The ecoscientist has become as pregnant as a cloud. Her biographical files might, as we speak, be reconfigured by a circle of non-spatial watchers. Even now, I can see it in minute detail. A trident has appeared as a red welt on her forehead. It is out of my hands. What she does not know, she is smart enough to learn.

Does she see the planet as a living being, whose body is coextensive with its mind, and whose forces are the active agents of creation? Did she give blood to the goddessor rather, does she realize yet that she has done so? We should not assume that a woman would be any less materialistic in her views. She has been scarred by Occam's razor.

She is tougher than any guy. She has had to be. Does she see the planet as a concept to be turned this way and that, and its species as mere data in a computer simulation?

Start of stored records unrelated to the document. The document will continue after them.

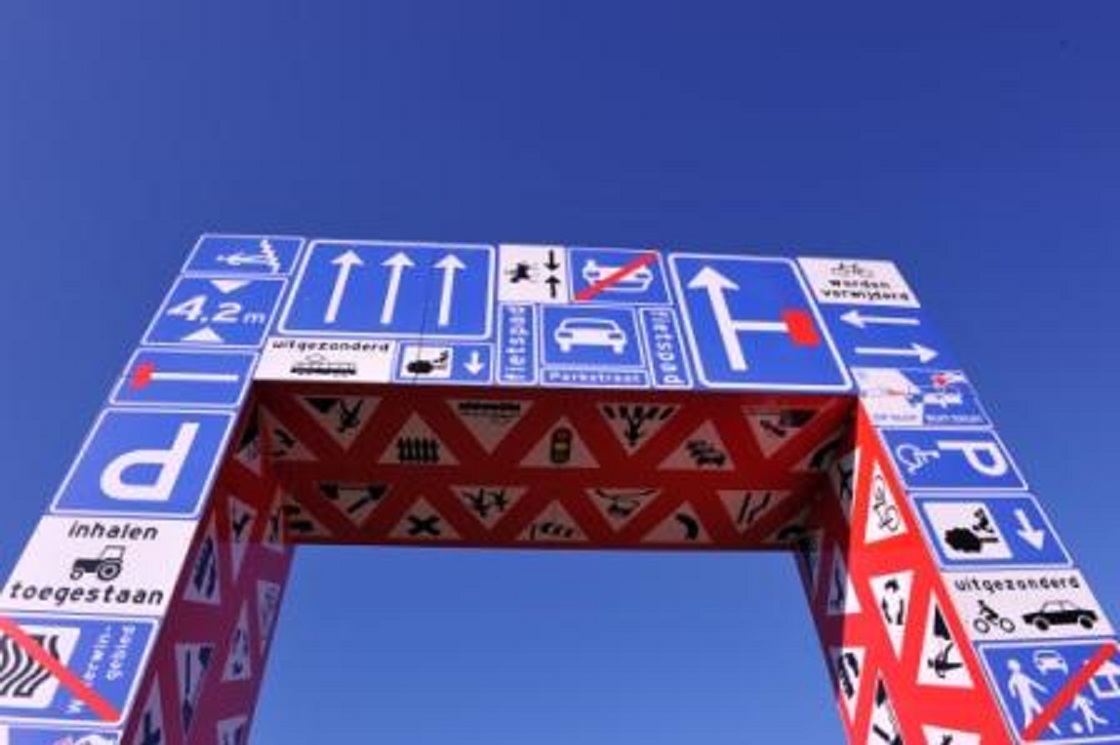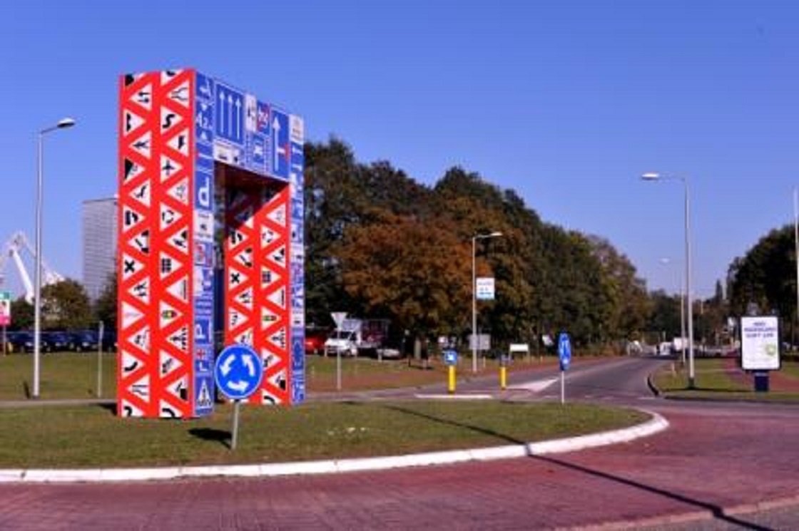 Als gevolg van een herstructurering in het havengebied is een rotonde aangelegd op de kruising van de Hendrik ter Kuilestraat met de Binnenhaven / Rembrandtlaan. Onderdeel van de herstructurering was ook een kunstopdracht. De gemeente Enschede heeft in samenwerking met omwonenden en de Belangenvereniging Ondernemers Havengebied een kunstopdracht geformuleerd. De vraag was om de vitaliteit van de haven zichtbaar te maken en daarbij een relatie te leggen met water, transport, werk en bedrijvigheid. Merijn Bolink heeft als basis van zijn ontwerp de poortgedachte, als markering van de rotonde als overgangsgebied tussen bedrijventerrein en woongebied. Met de Nederlandse overregulering in gedachten heeft Merijn zijn poort uit outer verkeersborden opgetrokken, waarin de kleuren rood en blauw domineren. bron: http://www.kunstnonstop.nl/collectie/de ... 1l1vjpLimw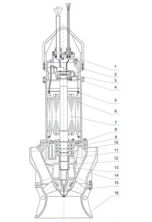 ![]() QH型潜水流泵结构总图 | 1、接线盒盖 2、上端盖 3、渗漏报警器 4、上轴承 5、热保护器 6、定子 7、转子 8、下轴承 9、渗漏报警器 10、下端盖 11、上机械密封 12、电极探头 13、下机械密封 14、导叶体 15、叶轮部件 16、进口喇叭 |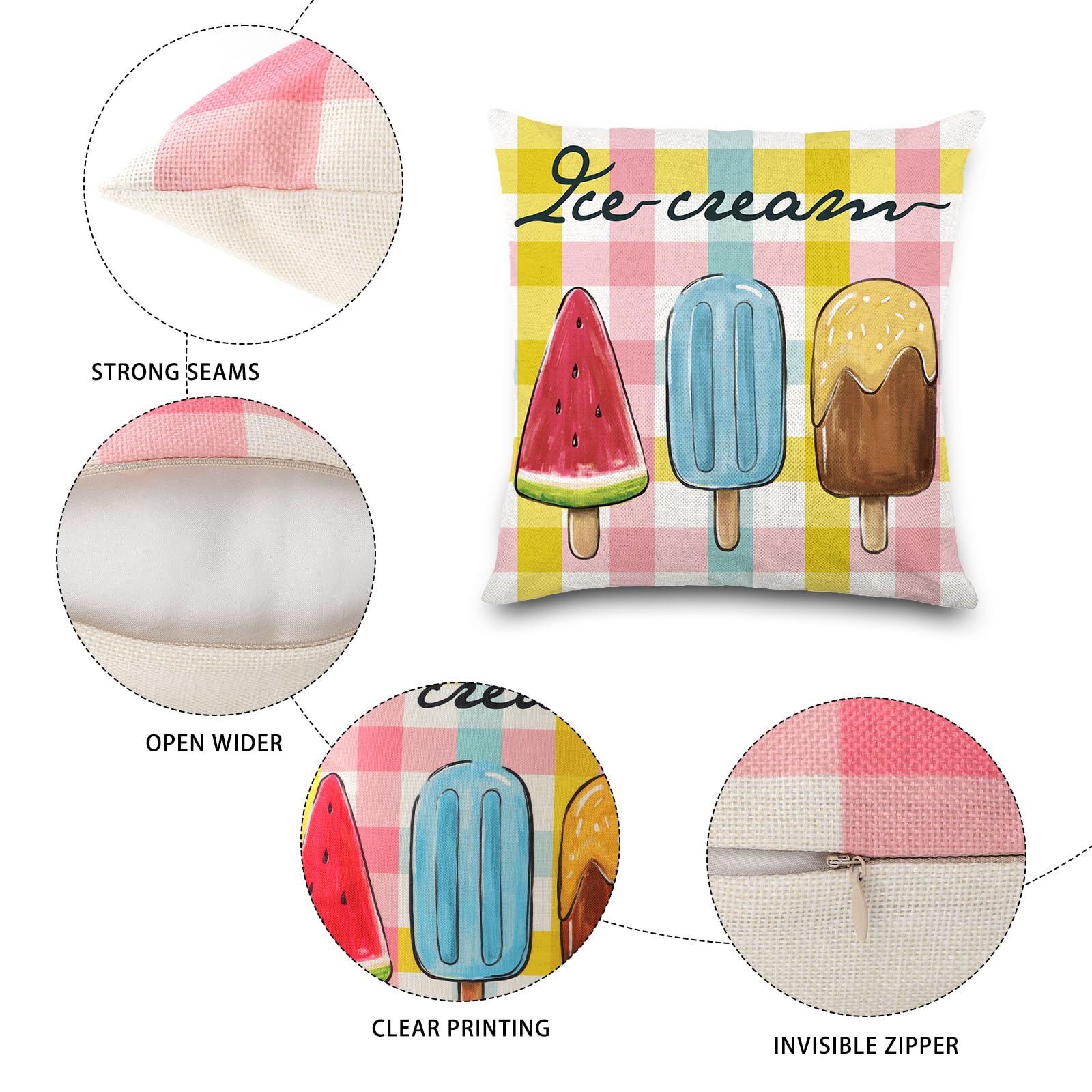 • 【Premium Materials】Our ice cream pillow cover is made of high-quality linen fabric, soft and comfortable, is resistant and fadeless to wear and tear without worrying about pilling or damage, child and pet friendly. Pillow cases can be machine washed separately, cold water can be gently circulated, each wash will be as clean as new.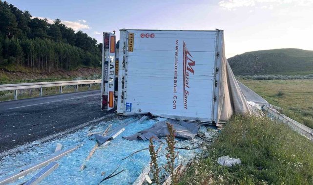 Ardahan-Göle karayolunda devrilen tırın sürücüsü yaralandı.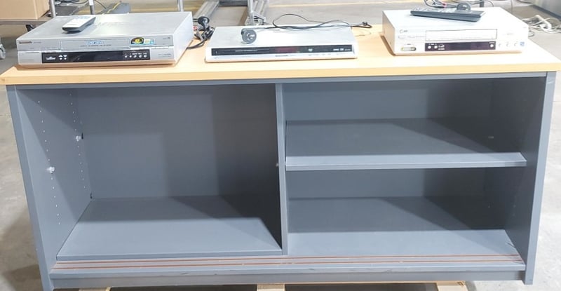 TV unit with storage,Dims: 70cm H, 150cm W, 45cm DPanasonic VHS player includes control Serial num: A3TB02049Model num: NV-FJ630ALG vHS player includes remoteModel num: GC480WPanasonic CD Player- not included remote Serial num: VA6GA001286RModel num: DVD-S32Sold as lot.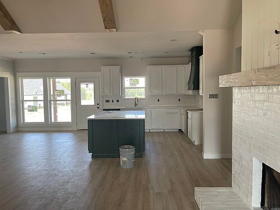 New construction with long front porch on two acres. Beautiful open floor plan with vaulted ceilings in living area, fireplace with built-in cabinets. Kitchen has huge bar with granite countertops and large walkin pantry.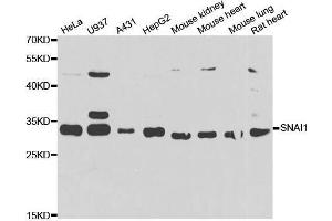 The Drosophila embryonic protein snail is a zinc finger transcriptional repressor which downregulates the expression of ectodermal genes within the mesoderm. The nuclear protein encoded by this gene is structurally similar to the Drosophila snail protein, and is also thought to be critical for mesoderm formation in the developing embryo. At least two variants of a similar processed pseudogene have been found on chromosome 2.,SNAI1,SLUGH2,SNA,SNAH,SNAIL,SNAIL1,dJ710H13.1,Epigenetics & Nuclear Signaling,Transcription Factors,Cancer,Cardiovascular,Heart,Cardiogenesis,SNAI1
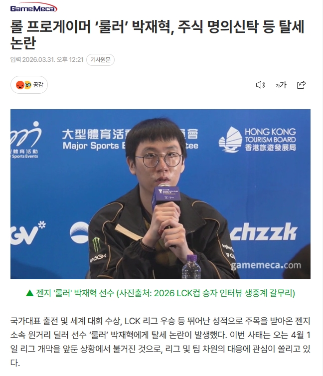 多家知名媒体的报道更是直指事件的核心,Gamemeca指出Ruler卷入的逃税问题与股票信托相关。而《朝鲜日报》则通过对比Ruler手握亚运金牌和兵役豁免的辉煌成就,强调了他此刻身陷逃税困扰所带来的强烈反差。Naver新闻同样对Ruler遭遇的逃税指控进行了关注,认为这对于他这样的职业选手来说可谓是个致命打击。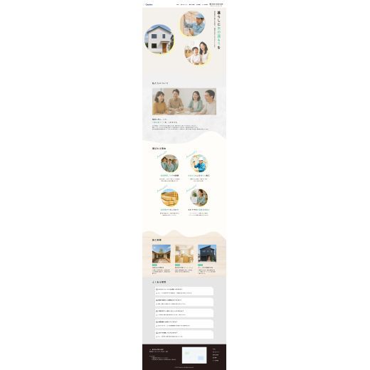 工務店を想定した制作事例です。 暖色系の色合いと曲線を組み込んだデザインで、暖かい印象を演出しています。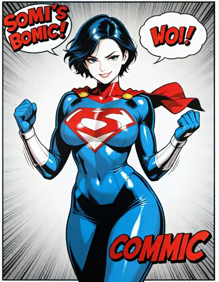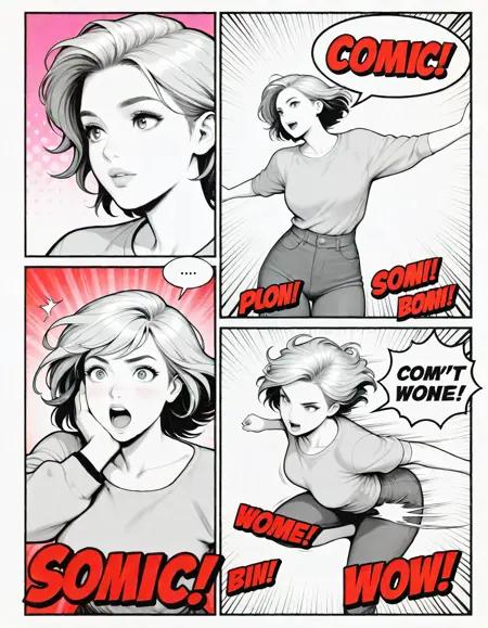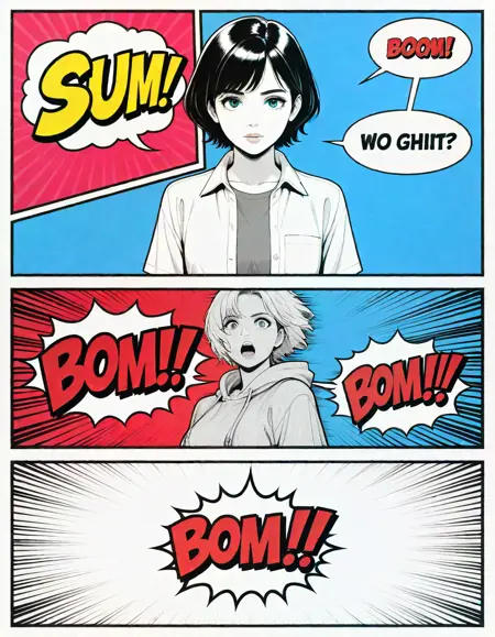 popcomic, western comics \(style\), halftone, partially colored,sound effects, speed lines,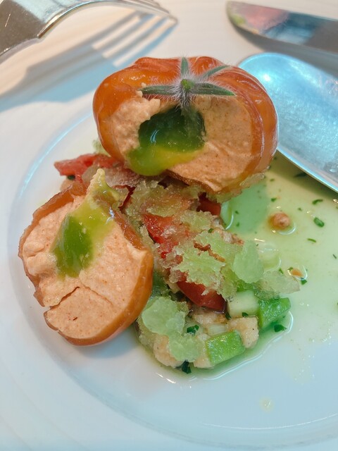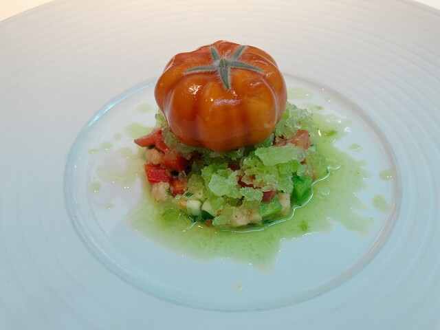 トマトのゼリーの中にトマトムース、その中に、きゅうりのグリーガスパチョのソース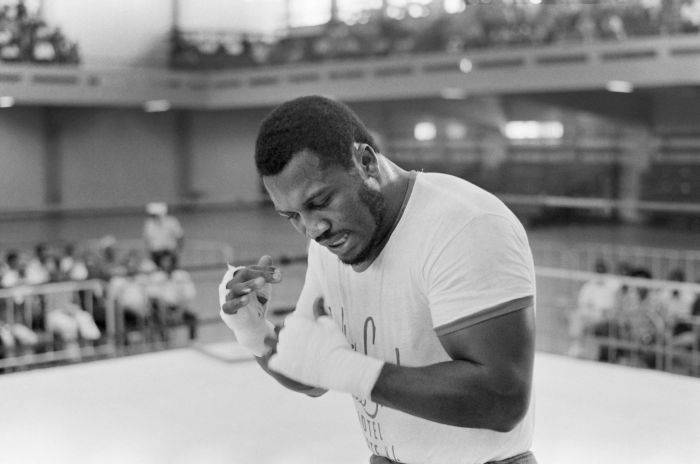 Joe Frazier treinando para enfrentar George Foreman na decisão dos pesos pesados de 1973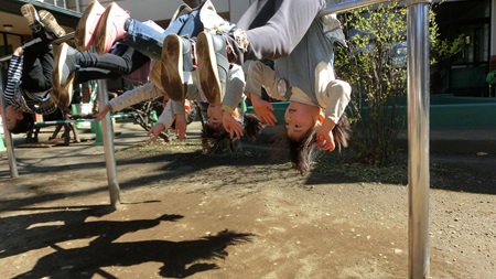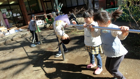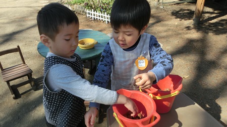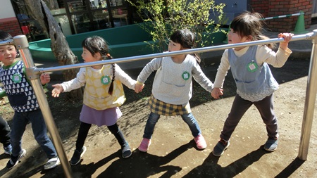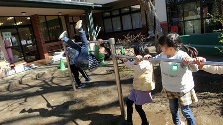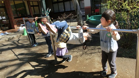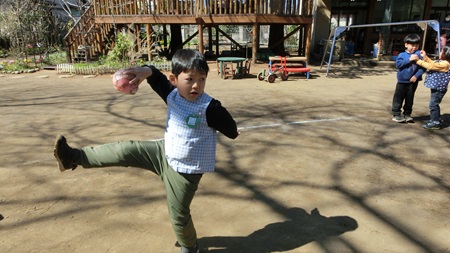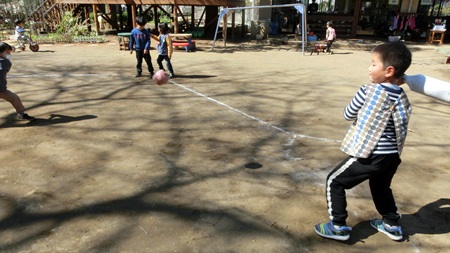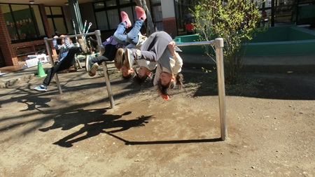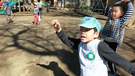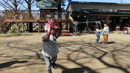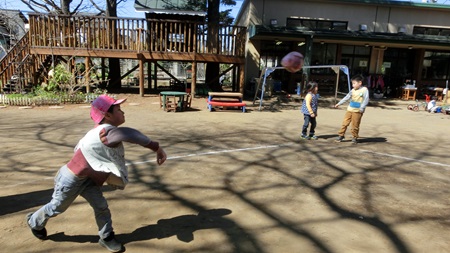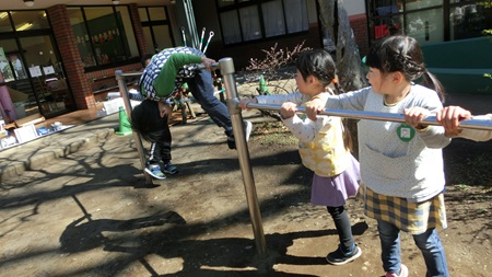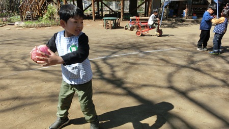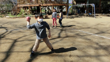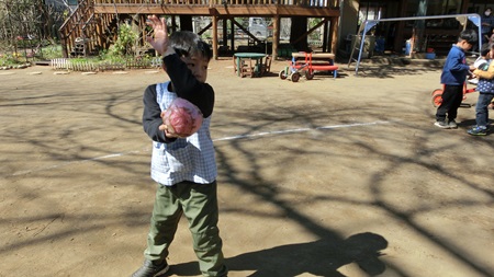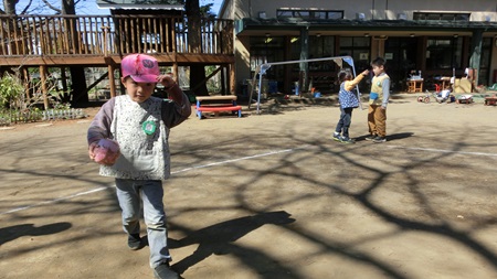 朝の園庭で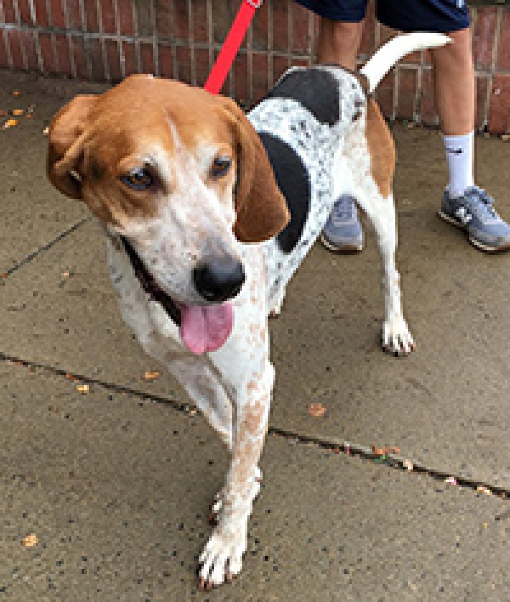 Noland is a VERY sweet, happy, playful Treeing Walker hound. He is a wonderful, loving, responsive dog who is eager to please. He is also very smart and learned to sit, shake, and spin in just a few days. But his most endearing quality is his affection and gentle kisses. He is crate-trained and house train. He is quiet when crated (he usually goes to sleep) so he won’t keep you up at night. He loves to go on long walks and needs exercise. Noland is a busy, country boy who is learning to be an urban gentleman. If he catches a scent of a wild animal, he will be distracted. He’s learning to walk on a leash and does respond to firm commands. I hope you will give this lovable, adorable fellow a forever home.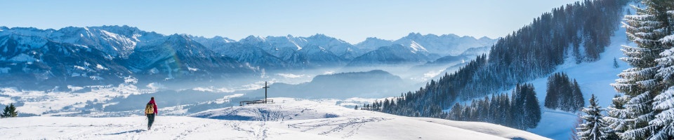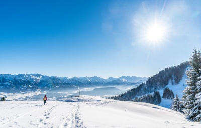 Auf präparierten Winterwanderwegen oder bei geführten Schneeschuhtouren durch den Tiefschnee erlebst du die Winterlandschaft ganz in Ruhe. Besonders malerisch ist der Winterwanderweg Kapfwaldrunde bei Oberstaufen, der durch herrliche Wälder führt und dir einen zauberhaften Blick auf die Nagelfluhkette schenkt. Hoch oben mit atemberaubendem Blick auf die Allgäuer Gipfel wanderst du mithilfe der Bergbahnen, zum Beispiel am Nebelhorn und am Fellhorn bei Oberstdorf.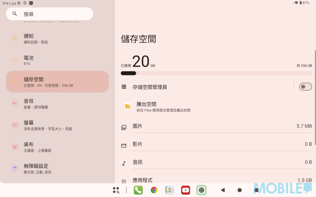 在實際測試中,這組配置能流暢運行日常應用程式,包括文書處理、社交媒體及影音串流平台。若需要更多儲存空間,平板支援透過 microSD 卡擴充至 1TB,方便存放大量文件或媒體內容。
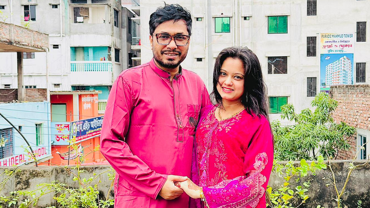 অভিনেতা জামিল হোসেন ও অভিনেত্রী মুনমুন আহমেদ মুন একই রঙের পোশাকে ধরা দিয়ে জানিয়েছেন ঈদের শুভেচ্ছা।
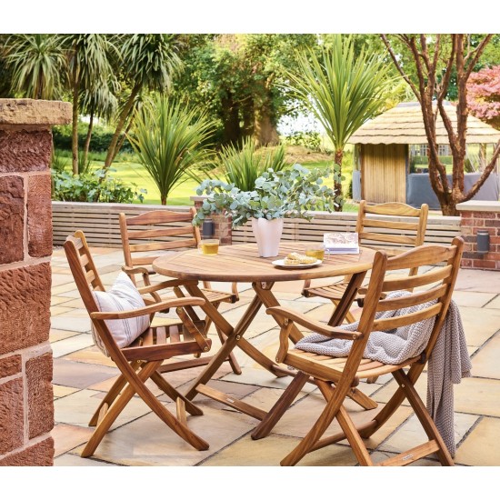 The Redcliffe Acacia Wood Folding Dining Table 1.1m brings timeless style and practical functionality to outdoor dining. Crafted from premium Acacia hardwood, this table features a warm golden-brown finish and distinctive grain, enhanced by a smooth hand-sanded texture and protective oil coating that helps guard against the elements. The generous 1.1 m round tabletop comfortably accommodates up to four people, making it perfect for relaxed lunches, evening drinks or morning coffees with friends and family. Its folding mechanism allows the table to collapse easily for convenient storage when not in use, making it especially suitable for smaller patios, balconies or garden areas. With sturdy construction and natural weather resistance, it’s designed to provide lasting service outdoors. Dimensions: 1100 mm width × 1100 mm depth × 740 mm height; Weight: approx. 17 kg. Backed by a 3-year warranty, it’s a reliable and elegant choice for outdoor dining.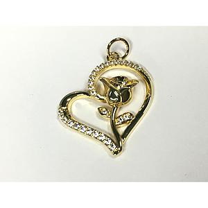 DIJE CORAZON CON ROSA MICROCIRCONIA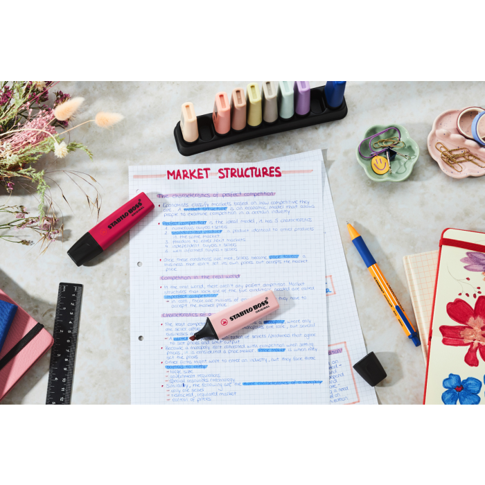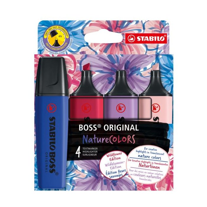Zvýrazňovač STABILO BOSS ORIGINAL NatureCOLORS Wildflower ponúka moderné odtiene a jemný zvýraznený efekt, ktorý oživí akýkoľvek dokument alebo študijný materiál. Štyri odtiene - ultramarínová, bordová, šedofialová a púdrová ružová - sú ideálne pre každého, kto chce do svojej písacej súpravy priniesť módne farby z interiéru a módneho dizajnu.

She will chart the interaction of natural and supernatural agents, of organic and inert geometry, of the future and the past. She will speak in the third person. Though almost mad, she will cultivate an objective tone of voice. If a disaster should overtake the group, leaving footprints but no physical remains, her thoughts will provide a starting place for those who would reconstruct the story.

Saturday, March 12, 2011

Four Scouts to the New World/ Parts 1 and 2

By Brian George

The premise, as presented by John Giordano: It is discovered that life can be supported on a pristine planet JUST LIKE THE EARTH located in a distant galaxy. The only difference is that there aren't any humans on the planet. The most evolved animals are apes and monkeys. All the natural resources are the same as Earth. Technology exists to get four people to the planet on a scouting mission. They will stay for one year, planning for the arrival of settlers from Earth.

1

Should our settlement on Gaia 2 be an extension of the known, no different from Gaia 1 than New York is from Timbuktu? Should we send an ambassador from Burger King, or a lawyer from the International Monetary Fund, or an ideologue from Harkin Energy to privatize the water supply? Should a lottery be held among the five large media conglomerates to see who should control the wavebands of interplanetary news? Should we transport our habits, both good and bad, in order to create an environment familiar to the touch, or should the voyage be regarded as a new beginning, in which all certainties are put aside?

The questions we ask will condition the answers that become available. We worship practicality, but in many ways our actions are not practical at all. We do not live in our bodies. Desire is abstract. Terror is no longer an emotion; it is the remote-controlled hand of the oligarch, bread for the circus, an economic windfall, or an art movement searching for the door to a museum.

Our accumulation of fetishistic objects has perhaps become a form of addiction unto death. Is technology a blessing or a curse? There is no time to judge. Once set in motion, it sweeps all before it like a juggernaut. Blocked memory pushes what the strange attractor pulls. It is we who were left as a sacrifice to the recombinant simulacrum. We are the real victims of an artificial war, which has existed from a time before necessity shrunk the atom. Should our settlers be experts, and if so, how do we insure their freedom from the influence of corrupt agendas?